Under the Adelaide Park Lands Act, the APLA must be comprised of 10 members, half of which are appointed by the State Government and the other half appointed by the city council.
In the past, the city council has filled its quota on the APLA board with four elected members, with the fifth position designated to the Lord Mayor as the presiding member.
The current board is due for renewal at the end of this month, with councillors on Tuesday night voting to elect their five new representatives.
Councillors told InDaily earlier this week that they were told on Saturday that the State Government was seeking to restructure the APLA board to ensure the council representatives consisted of one Kaurna person, two council members (including the Lord Mayor) and two “skills based representatives”.
That request was adhered to on Tuesday night, with the majority of councillors voting to nominate Kaurna representative Jessica Davies-Huynh, architect and urban designer Matt Davis, recreation planner Alison Bretones and south ward councillor Alexander Hyde to the board.

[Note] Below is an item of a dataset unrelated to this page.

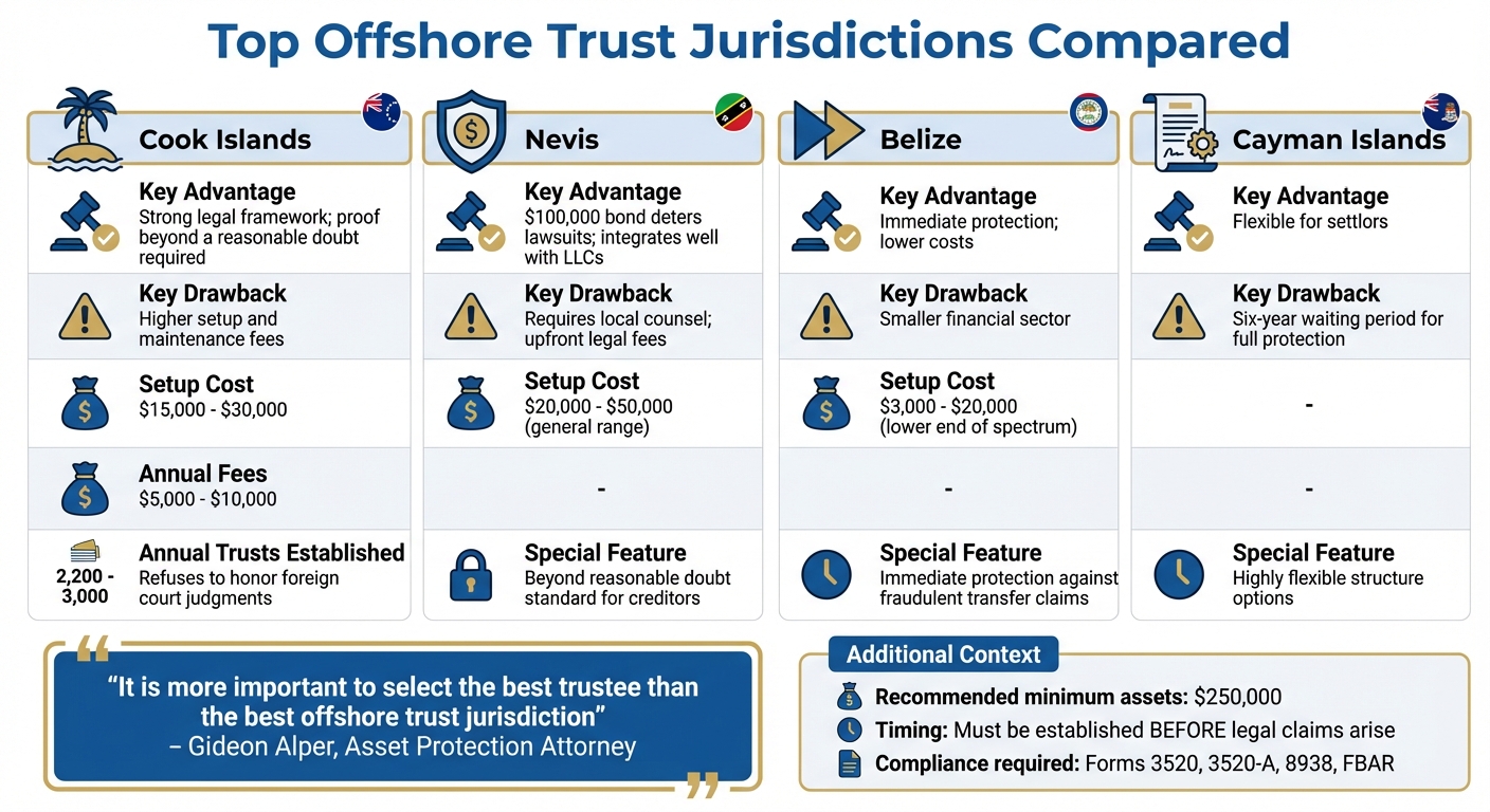 Setup costs vary by location, with Cook Islands trusts ranging from $15,000 to $30,000 and annual fees between $5,000 and $10,000. Belize is a lower-cost option, with average setup fees across jurisdictions falling between $3,000 and $20,000.

The nominees will replace the council’s interim representatives Anne Moran, Robert Simms, Phil Martin and Helen Donovan – all of whom are elected members.
The vote drew backlash from the interim representatives at Tuesday’s meeting, with area council Robert Simms describing the decision as a “really, really curious state of affairs”.

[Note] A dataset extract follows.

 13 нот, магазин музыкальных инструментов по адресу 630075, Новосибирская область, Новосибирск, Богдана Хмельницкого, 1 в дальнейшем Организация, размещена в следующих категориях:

“This is probably the first time in history that this council is actually willingly giving up council representation on a body such as this,” he said.

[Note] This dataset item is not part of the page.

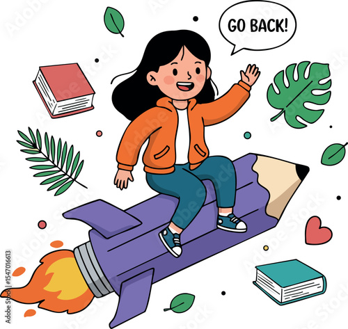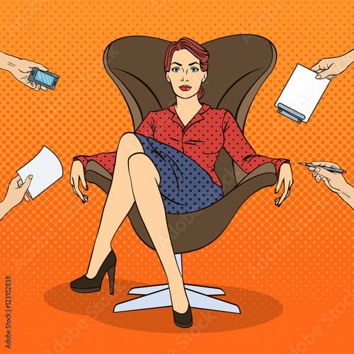 Vector illustration of young woman sitting on pile of books. Beautiful lady teacher, businesswoman reading book in retro pop art comic style.

“I cannot understand why this council would willingly give away the influence that we have had through that body.”
Simms likened the move to passing control of the park lands to the State Government.
“My concern with the park lands is that giving the Government control of the park lands is like giving Count Dracula the keys to the blood bank,” he said.
“Once they sink their teeth in we can’t control what they do.”
But fellow area councillor Franz Knoll said the new nominations were “certainly a step forward”.
Knoll praised both the council and State Government’s selected nominees, describing the new board as comprising “a cross-section of people that are specialists in this area”.
“I think the attempt to depoliticise the advice is certainly a wonderful change to the previous arrangements,” he said.
“At the end of the day we want good, balanced outcomes and that means getting advice that is not in a political nature.”
But north ward councillor Phil Martin accused the council of “rolling over like a puppy excitedly looking for a pat on the belly from the Minister”.
“I understand why Councillor Knoll would feel the way he does – it is the decision of his son (Planning Minister Stephan Knoll),” he said.
“In most of these matters it is the council members as representatives of the rate payers, as landlords, who will exercise decisions on these matters.
“This will be regretted in decades to come.”
Lord Mayor Sandy Verschoor said all decisions relating to the park lands would still come through council.
“This was a conversation, we have not been demanded, we have not been directed; we have been given an opportunity to put in an expert membership in terms of the advice we get from APLA,” she said.
Deputy Lord Mayor Houssam Abiad agreed, saying the council still had opportunities to make recommendations or change proposals in the council chamber.
“This is a wise move from council,” he said.
“It gets us to think outside the square.”
The State Government’s nominations to the APLA board include architect Kirsteen Mackay, botanist Stephen Forbes, urban planners Stephanie Johnston and Ben Willsmore and conservationist Craig Wilkins.
The new board will sit from April 1 to December 2020.